> For the complete documentation index, see [llms.txt](https://playground.e107sk.com/llms.txt). Markdown versions of documentation pages are available by appending `.md` to page URLs; this page is available as [Markdown](https://playground.e107sk.com/google-ads-plugin/reference/permissions.md).

# Permissions

**The entire plugin admin area is restricted to the main administrator.** Other administrators — even those who can manage plugins — cannot open it.
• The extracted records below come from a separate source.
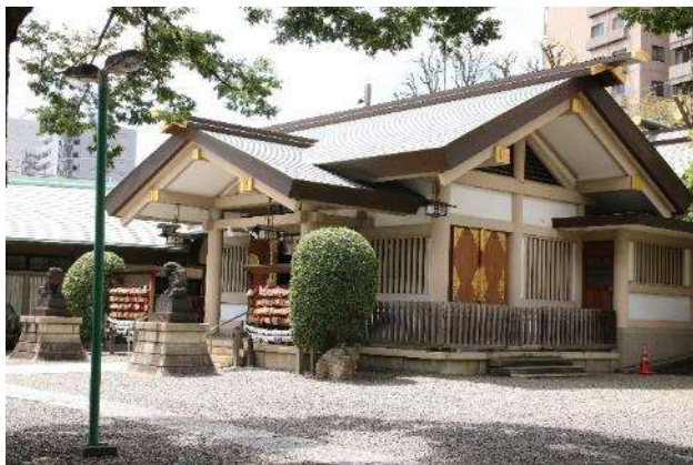
天祖諏訪神社の境内
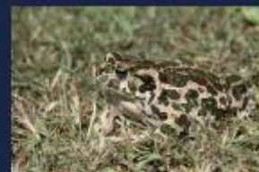
Den karakteristiske camouflerede grønbroget tudse findes meget fåtaligt på Vestmøn, Bogø og Farø. Den yngler i lavvandede, fiskefrie søer, på naturligt-græssede arealer, da kreaturerne holder bredvegetationen i søerne nede. Den vækstbærende art yngler i april-maj, hvor man om aftenen kan høre dens melodiske, trillende kvækken.
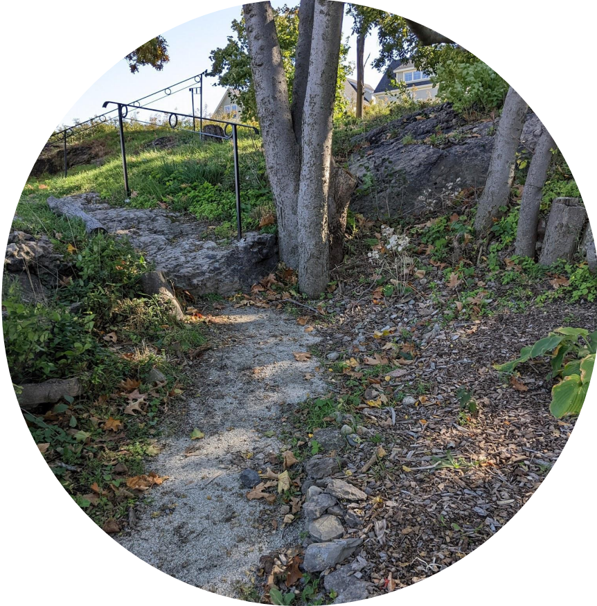
Jardín Savin Hill Wildlife, Dorchester

This is deliberate, and it is worth understanding why.

## Why

The plugin stores raw HTML and JavaScript and writes it into your pages **exactly as entered, with no filtering whatsoever**. That is not an oversight; it is the only way to store Google's snippet intact. AdSense code contains `<script>` tags and attributes that e107's content filter would otherwise strip out, which would leave you with code that looks right in the admin but silently does not work.

The consequence is that anyone who can edit these fields can run arbitrary JavaScript on every page of your site, for every visitor. That is not a permission to hand out casually.

Restricting the plugin to the main administrator is what makes storing unfiltered code an acceptable trade rather than a hole.

## What this means in practice

* Only the main administrator can add, edit or delete ad units.
* Only the main administrator can change the preferences.
* Other administrators do not see the plugin in their admin menu, and cannot reach it by typing the address directly.

## Do not work around it

If you find yourself wanting to grant a second administrator access, be clear about what you are granting: the ability to inject any JavaScript, anywhere on the site. There is no partial version of this permission — reading the ad code and writing it are the same capability, because the code *is* the content.

If you genuinely need to delegate ad management, the safer answer is to give that person the AdSense account access and have the main administrator paste the resulting code.